▶ [TASK INSTRUCTIONS]:
Quote word for word from the line holding "Edgy from all" to the last line below, including both, and omit any pictures.

[Items from a data source]
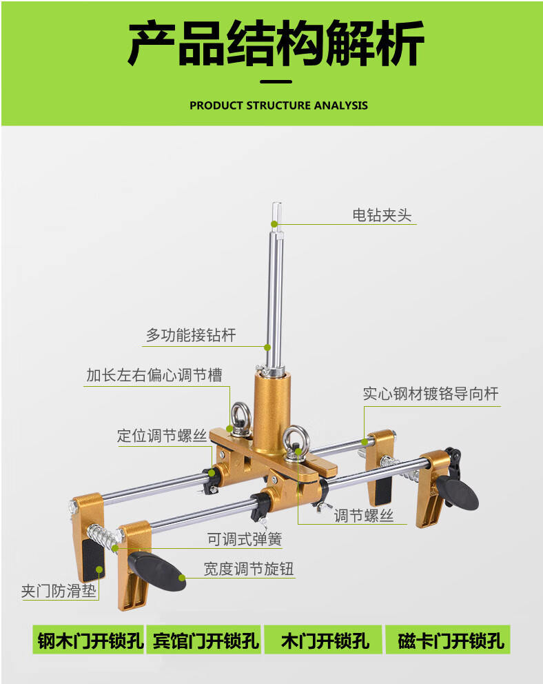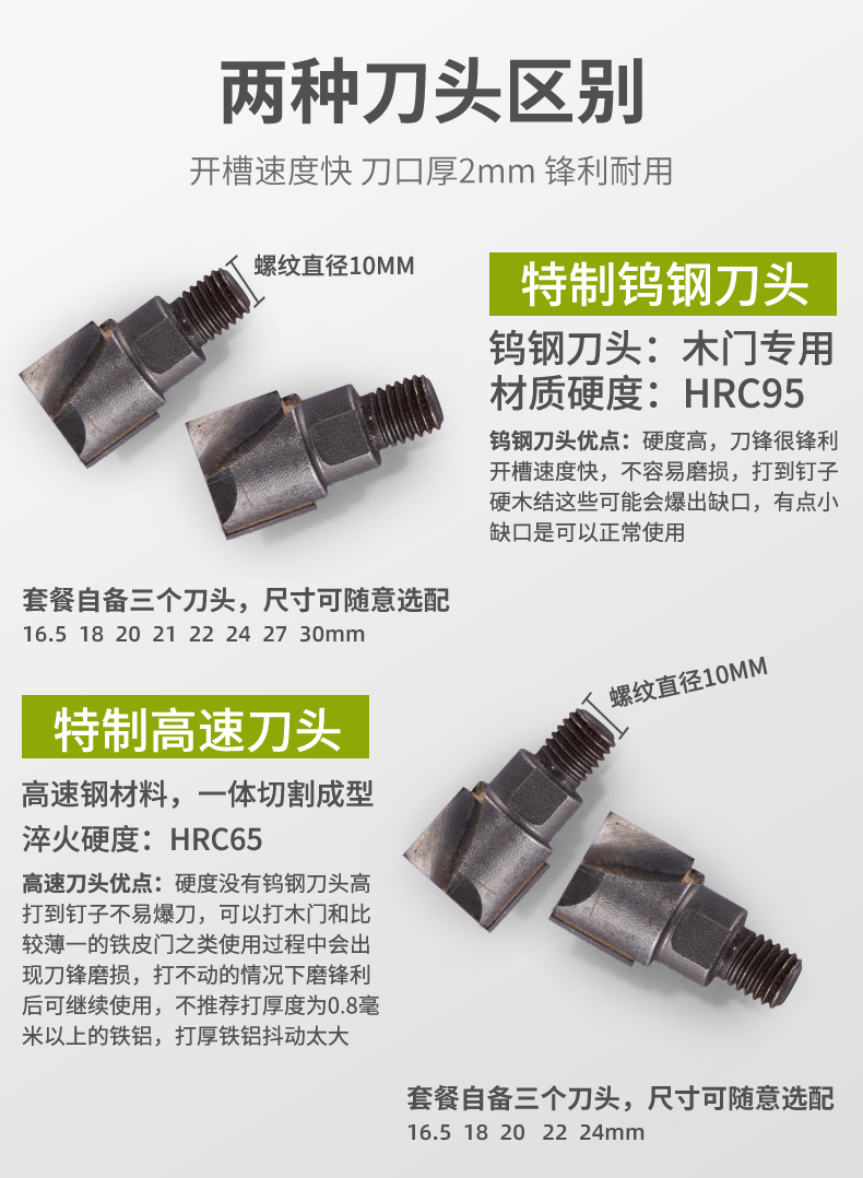 Solid wood door hole opener, slotting machine, woodworking indoor installation lock tool, door lock installation tool, press key hole opening tool, standard silver white, with three tungsten steel blades
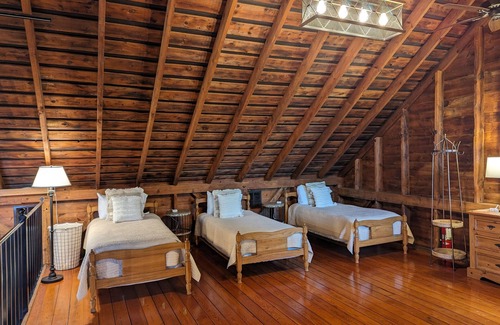 Our guesthouse is a 1880's barn that has been meticulously restored. The central portion of the guesthouse offers a rustic dining area, full kitchen, separate men's and women's restrooms. The loft has been converted into one spacious bedroom with a king bed and five twin beds. A double murphy bed is located downstairs in the large sunroom which boasts a breathtaking 270 degree view of the property.
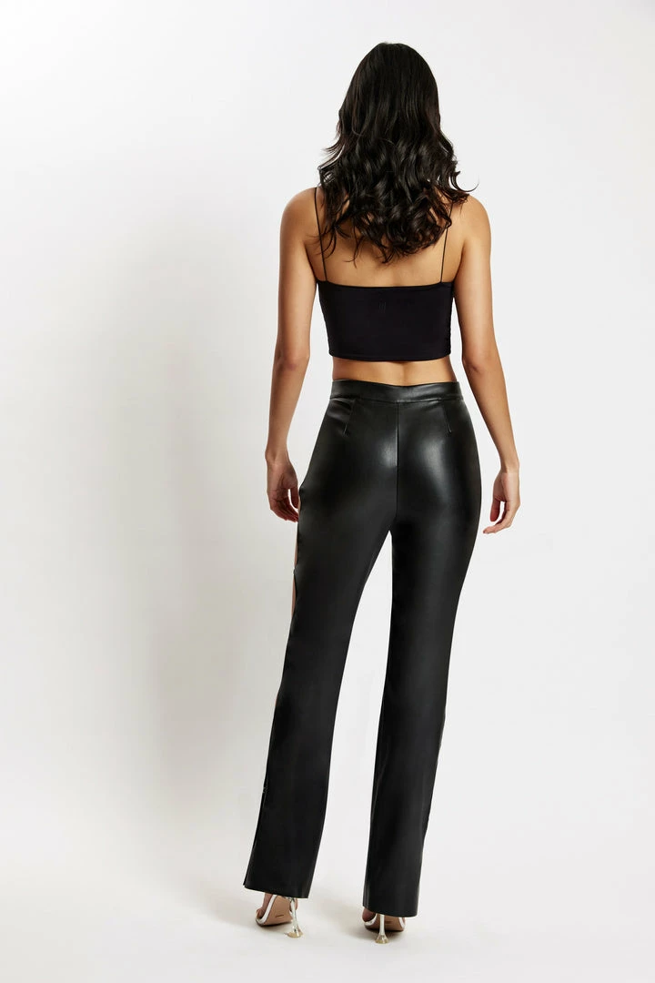 Edgy from all sides, ALEXA serves up a serious look. Made from a soft PU leather fabrication and adjusted to mix a sleek front with cut out features, she adds all the drama you need on a night out. Pair with our Annaliese Wrap Over Blouse to make a bold statement, or our Yvonne Cami Crop Top for a fierce tonal fit.
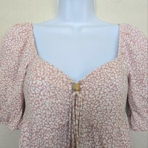 Urban Romantics Light Pink Babydoll Blouse Leopard Print Puff Sleeve Top Size XS
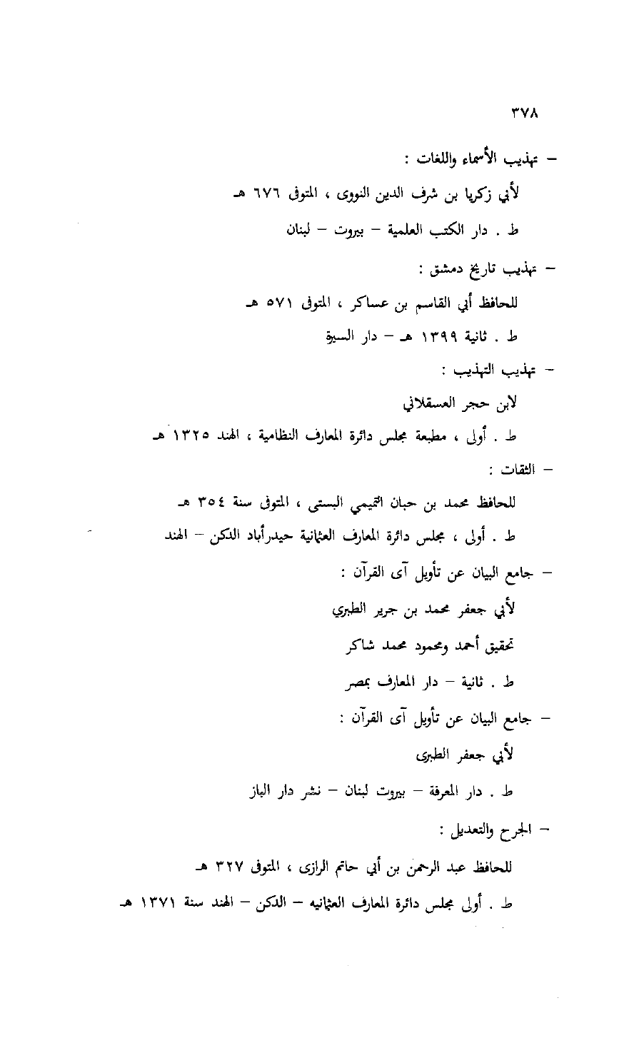 لأبي جعفر الطبرى ط. دار المعرفة- بيروت لبنان- نشر دار الباز- الجرح والتعديل:

▶ [WRITTEN SOLUTION]:
 Edgy from all sides, ALEXA serves up a serious look. Made from a soft PU leather fabrication and adjusted to mix a sleek front with cut out features, she adds all the drama you need on a night out. Pair with our Annaliese Wrap Over Blouse to make a bold statement, or our Yvonne Cami Crop Top for a fierce tonal fit.
 Urban Romantics Light Pink Babydoll Blouse Leopard Print Puff Sleeve Top Size XS
 لأبي جعفر الطبرى ط. دار المعرفة- بيروت لبنان- نشر دار الباز- الجرح والتعديل:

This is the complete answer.